Assembly Bill 71 from Assemblyman David Chiu, D-San Francisco, would also raise $300 million a year by eliminating the mortgage interest deduction for second homes. It’s opposed by the powerful California Association of Realtors.

Other measures seek to accomplish Brown’s goals. Weiner’s Senate Bill 35 would streamline the approval process for affordable housing projects. Chiu’s Assembly Bill 73 would ease zoning and environmental review rules.

“We’ve been having a lot of conversations (about a housing package),” Chiu said. “We need to establish a permanent source of funding, streamlining housing creation and hold cities accountable to actually building it.”

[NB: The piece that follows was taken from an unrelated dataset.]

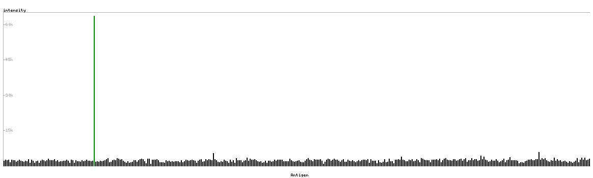 The curve in blue displays the predicted antigenicity i.e. the tendency for different regions of the protein to generate an immune response, with peak regions being predicted to be more antigenic.The curve shows average values based on a sliding window approach using an in-house propensity scale. (read more).

Lisa Hershey of the advocacy group Housing California said she’s hearing pushback over whether lawmakers will act on housing this year given the upcoming cap-and-trade issue and the fact that Democrats already have voted to raise fuel taxes.

“The Democratic caucus really put their necks out there because it’s a tax, so they have been reticent to push for anything going forward that is a tax or a fee,” Hershey said.

She said she’s not optimistic if no action is taken, because next year is an election year.

The state’s housing shortage, coupled with rising demand, has led to widespread evictions and massive rent increases across California.

It’s forcing people like Nancy Avalos, a Sacramento mother-of-three, out of their homes.

“I don’t earn enough to stay here,” Avalos said last week as she spread out paperwork on her kitchen table that showed her rent was recently increased from roughly $800 per month to nearly $1200.

Avalos is a member of the group Alliance of Californians for Community Empowerment, created this year to organize tenants around housing issues. She’s pushing for measures like rent control to rein in skyrocketing rents. For now, she’s moving to a duplex in Sacramento, where she plans to rent a single room for herself and her three kids.

“There’s no other choice,” Avalos said. “It’s really hard because my kids have to leave their school.”